Segment Start: Supplied records

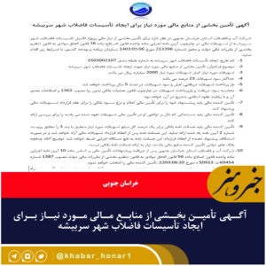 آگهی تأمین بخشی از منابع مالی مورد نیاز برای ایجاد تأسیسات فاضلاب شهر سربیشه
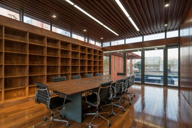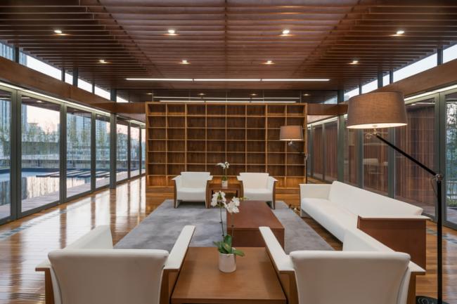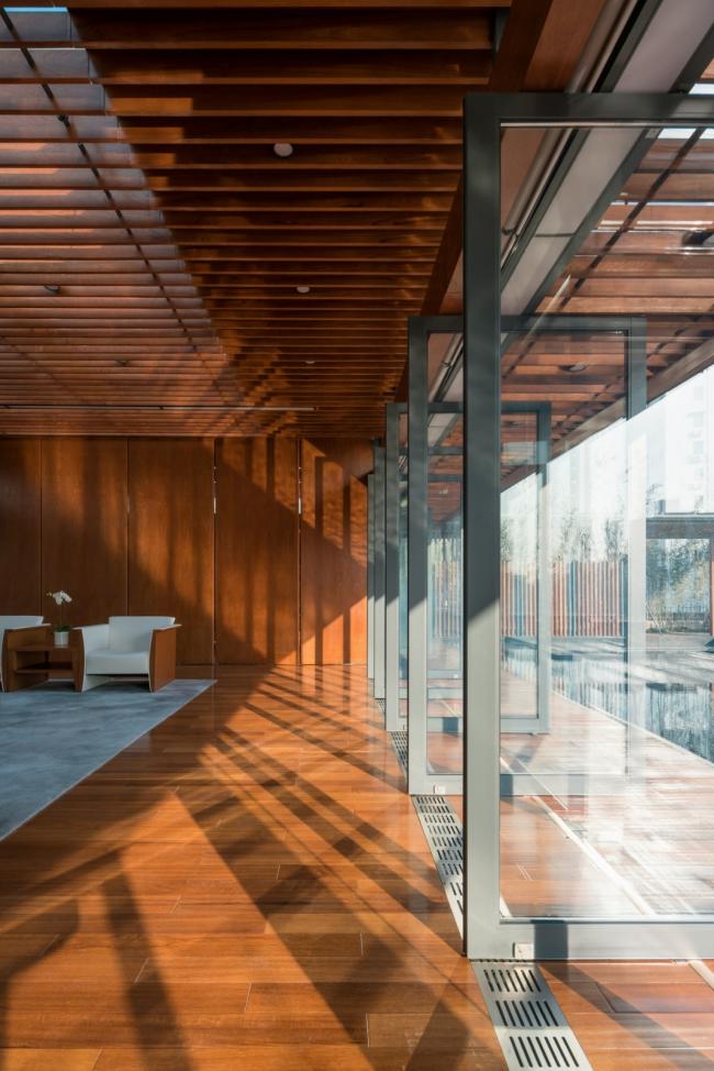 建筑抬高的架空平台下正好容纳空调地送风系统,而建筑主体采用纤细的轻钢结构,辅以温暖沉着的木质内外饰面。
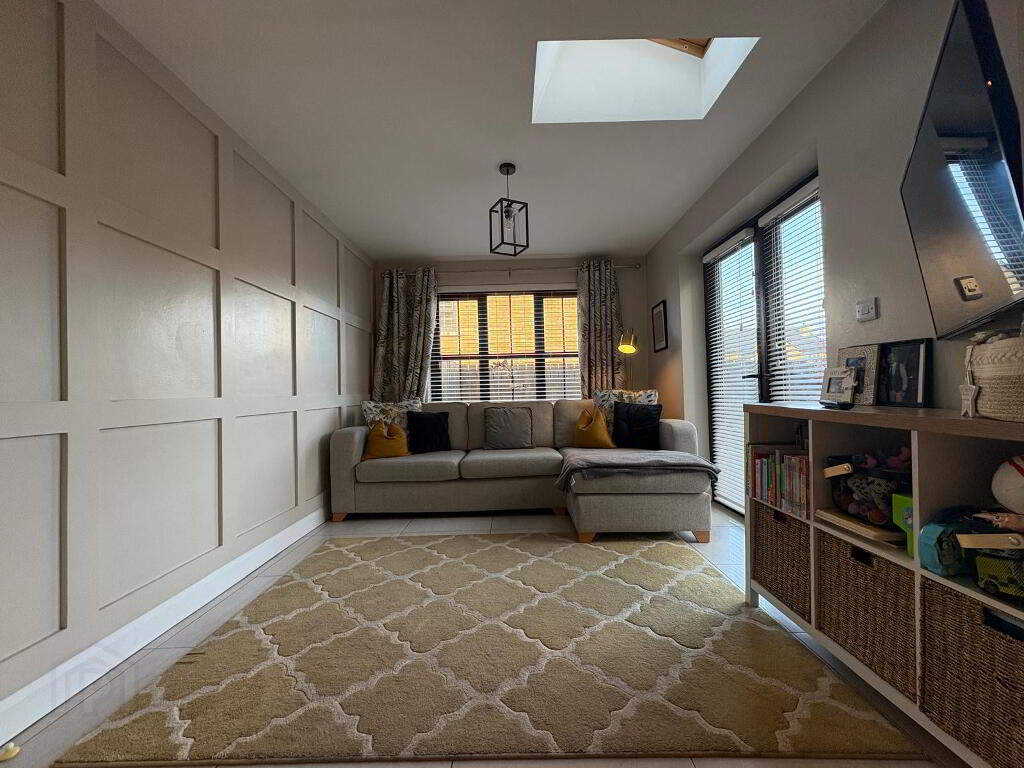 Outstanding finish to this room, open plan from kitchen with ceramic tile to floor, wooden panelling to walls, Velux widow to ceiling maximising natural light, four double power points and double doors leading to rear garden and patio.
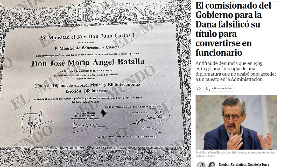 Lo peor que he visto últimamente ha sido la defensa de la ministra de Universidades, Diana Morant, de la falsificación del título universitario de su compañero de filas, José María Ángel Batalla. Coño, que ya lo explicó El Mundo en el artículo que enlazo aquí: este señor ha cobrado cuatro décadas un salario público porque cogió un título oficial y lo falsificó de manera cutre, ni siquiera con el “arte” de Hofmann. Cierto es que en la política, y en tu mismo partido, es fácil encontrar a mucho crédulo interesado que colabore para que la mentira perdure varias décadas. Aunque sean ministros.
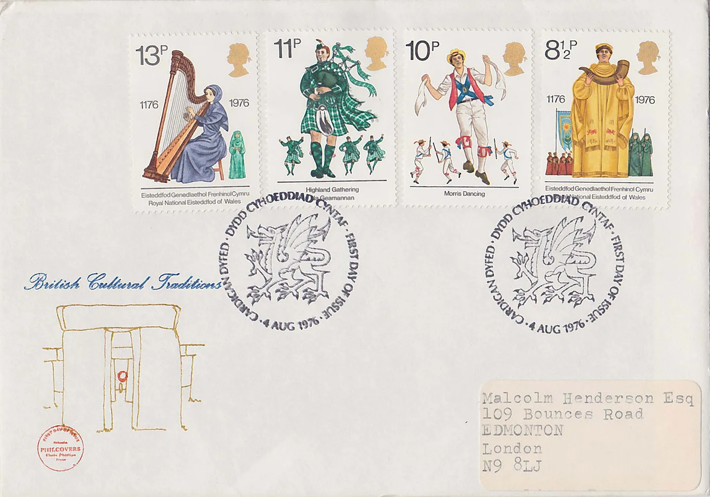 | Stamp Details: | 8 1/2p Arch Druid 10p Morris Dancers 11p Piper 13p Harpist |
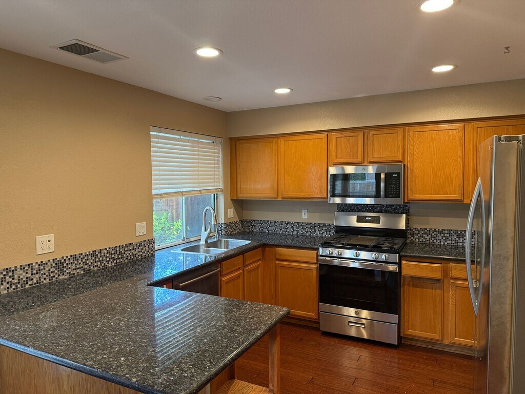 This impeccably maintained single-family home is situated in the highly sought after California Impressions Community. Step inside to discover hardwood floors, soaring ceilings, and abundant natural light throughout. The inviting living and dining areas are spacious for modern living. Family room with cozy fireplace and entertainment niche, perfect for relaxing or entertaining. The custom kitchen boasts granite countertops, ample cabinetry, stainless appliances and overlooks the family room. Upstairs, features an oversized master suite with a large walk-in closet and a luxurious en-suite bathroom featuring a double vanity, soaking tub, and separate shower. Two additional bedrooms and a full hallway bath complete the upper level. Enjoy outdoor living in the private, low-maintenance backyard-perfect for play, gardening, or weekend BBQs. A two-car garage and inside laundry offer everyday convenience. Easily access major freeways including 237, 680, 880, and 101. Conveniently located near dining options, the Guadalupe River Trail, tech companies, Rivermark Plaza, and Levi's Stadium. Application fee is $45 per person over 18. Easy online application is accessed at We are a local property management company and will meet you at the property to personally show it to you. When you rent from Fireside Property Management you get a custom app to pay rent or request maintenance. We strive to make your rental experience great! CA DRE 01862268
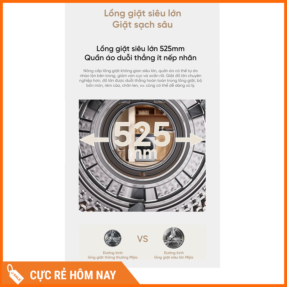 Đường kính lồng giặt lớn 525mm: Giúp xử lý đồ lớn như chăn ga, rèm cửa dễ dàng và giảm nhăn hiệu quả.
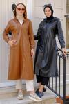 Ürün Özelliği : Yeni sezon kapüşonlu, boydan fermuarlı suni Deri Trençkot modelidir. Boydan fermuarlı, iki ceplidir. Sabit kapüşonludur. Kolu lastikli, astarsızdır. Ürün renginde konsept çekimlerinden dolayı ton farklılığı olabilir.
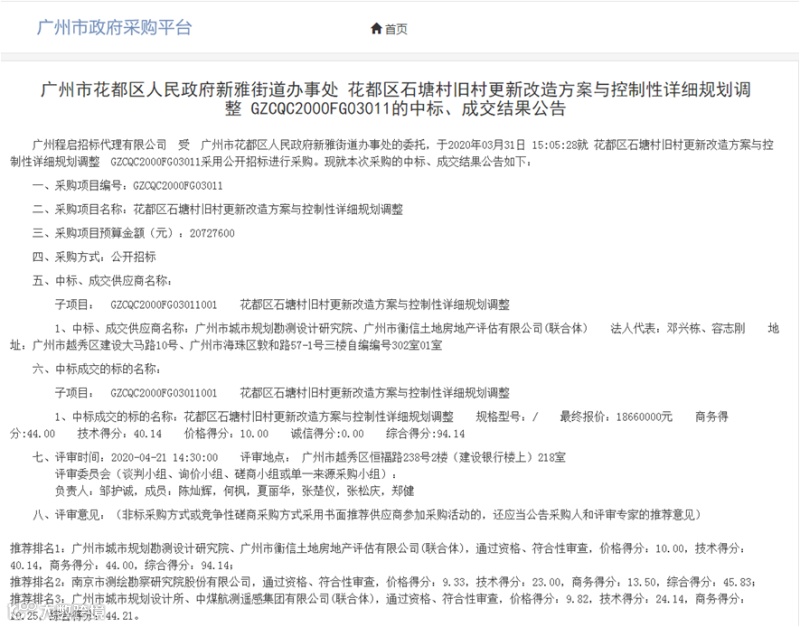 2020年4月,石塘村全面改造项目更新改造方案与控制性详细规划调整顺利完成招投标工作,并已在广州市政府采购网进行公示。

Segment End: Supplied records

» **Your goal**
Return only the lines from the one containing "Ürün Özelliği : Yeni" through the last line of the entries above, exactly as written and without pictures.

» **Expected answer**
 Ürün Özelliği : Yeni sezon kapüşonlu, boydan fermuarlı suni Deri Trençkot modelidir. Boydan fermuarlı, iki ceplidir. Sabit kapüşonludur. Kolu lastikli, astarsızdır. Ürün renginde konsept çekimlerinden dolayı ton farklılığı olabilir.
 2020年4月,石塘村全面改造项目更新改造方案与控制性详细规划调整顺利完成招投标工作,并已在广州市政府采购网进行公示。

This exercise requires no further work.